Dataset Card for "LexGLUE"

Dataset Summary

Inspired by the recent widespread use of the GLUE multi-task benchmark NLP dataset (Wang et al., 2018), the subsequent more difficult SuperGLUE (Wang et al., 2019), other previous multi-task NLP benchmarks (Conneau and Kiela, 2018; McCann et al., 2018), and similar initiatives in other domains (Peng et al., 2019), we introduce the Legal General Language Understanding Evaluation (LexGLUE) benchmark , a benchmark dataset to evaluate the performance of NLP methods in legal tasks. LexGLUE is based on seven existing legal NLP datasets, selected using criteria largely from SuperGLUE.
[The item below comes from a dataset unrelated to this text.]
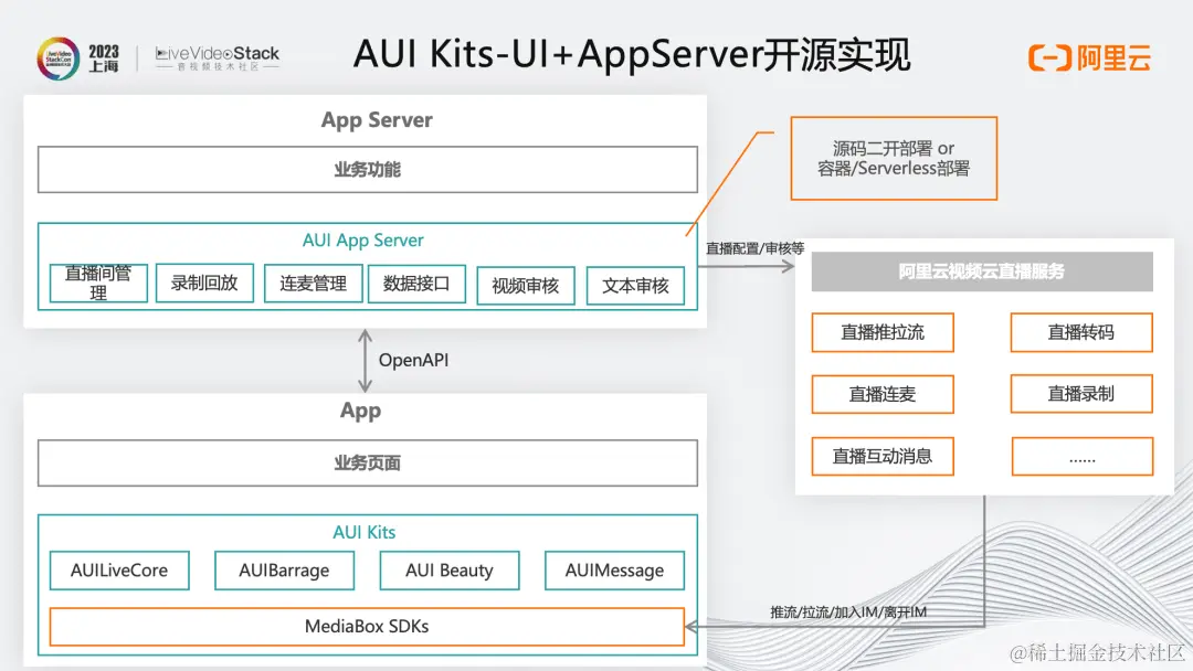 场景化方案一般由App、AUI Kits以及App Server配合云服务来完成。为了方便客户一站式集成,App Server当前已经对接了常用的直播审核、录制等阿里云PaaS层功能,客户可以基于源码进行二次开发部署,或者直接使用容器化的方式完成服务部署。客户端的组件会与服务端进行交互,完成场景化的业务功能。

As in GLUE and SuperGLUE (Wang et al., 2019b,a), one of our goals is to push towards generic (or ‘foundation’) models that can cope with multiple NLP tasks, in our case legal NLP tasks possibly with limited task-specific fine-tuning. Another goal is to provide a convenient and informative entry point for NLP researchers and practitioners wishing to explore or develop methods for legalNLP. Having these goals in mind, the datasets we include in LexGLUE and the tasks they address have been simplified in several ways to make it easier for newcomers and generic models to address all tasks.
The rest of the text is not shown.